Es ist komisch – der Februar hat nur 28 Tage und dennoch kam er mir einfach nur eeendlooos lange vor – womöglich liegt es einfach an der Prüfungszeit, die ja bis Mitte des Monats andauerte und einfach enorm an meinen Nerven gezerrt hat, vielleicht war das aber auch nur Einbildung – ich für meinen Teil bin jedenfalls unfassbar froh, dass er vorüber ist und endlich der März beginnt, mein Lieblingsmonat (oder einer der hundert Lieblingsmonate, die ich so habe). Eigentlich war ich dem Februar gegenüber ja nie komplett negativ eingestellt, aber ich fürchte, dass Studium hat mich zu einer notorischen Februarhasserin gemacht, weil dort ja immer die Klausuren anstehen.
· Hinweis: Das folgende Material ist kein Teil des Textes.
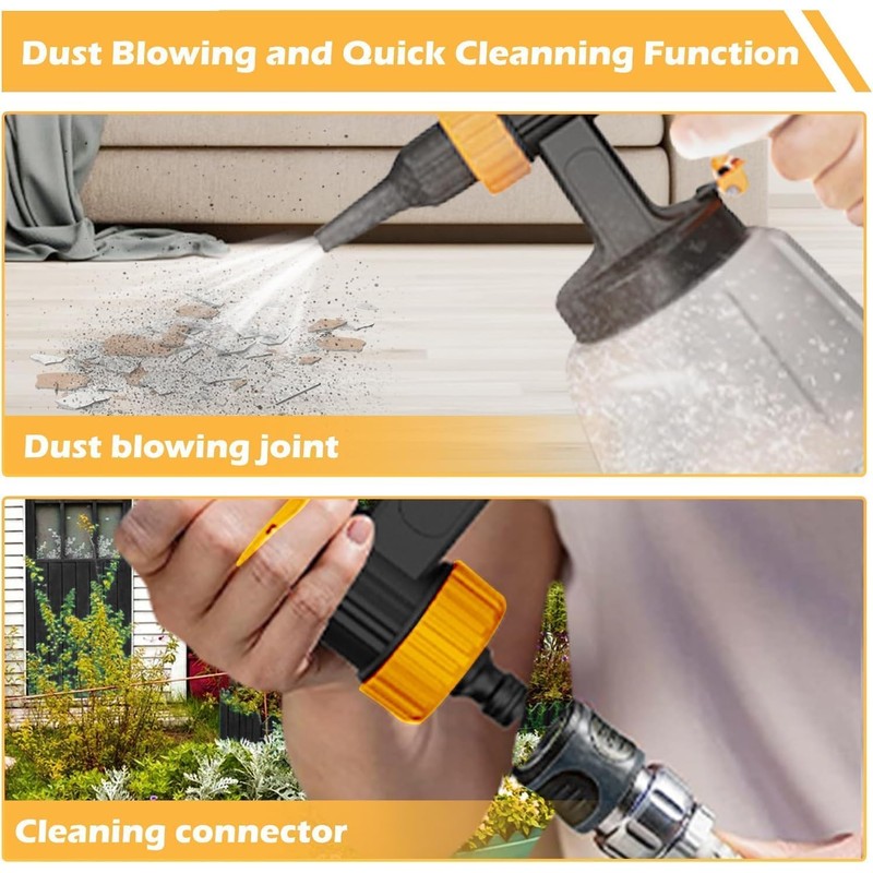 - Before spraying,use the dust-blowing attachment to remove dust for a smoother finish;After use,connect the cleaning attachment to the faucet to flush out residual paint;Clean immediately to extend the sprayer's lifespan and maintain peak performance

Wie auch immer – ich freue mich auf den März, meine vorlesungsfreie Zeit, die ich mit meiner äußerst spannenden Studienarbeit füllen darf, auf so einige große Blogposts, die ich in Planung habe, auf die Biathlon-WM und meinen Geburtstag gleich zu Anfang des Monats und am allermeisten auf den Frühling.

123
(1) Das Grimm-Zentrum war wohl mein allerengster und verständnisvollster Freund in den letzten Wochen. Irgendwie vermisse ich die Atmosphäre dort ja fast, es hat manchmal ja sogar ein klein wenig Spaß gemacht, dort zu lernen und nachzuarbeiten. Aber nichts geht über den hauseigenen Schreibtisch, an dem man auch mit ungemachtem Haar und Schlafanzug sitzen kann. (2) Entspannung beim Lesen. Obwohl ich einen wirklich schönen Lesesessel habe, den ich zu meinem Einzug als Schnäppchen bei ebay-Kleinanzeigen ergatterte, lese ich wesentlich lieber auf dem Bet – ist einfach bequemer. (3) Lernzeugs, urghs. (4) Zwischen den Lernsessions muss auch mal ein Spaziergang drin sein – wenn auch nur bis zum Supermarkt und wieder zurück.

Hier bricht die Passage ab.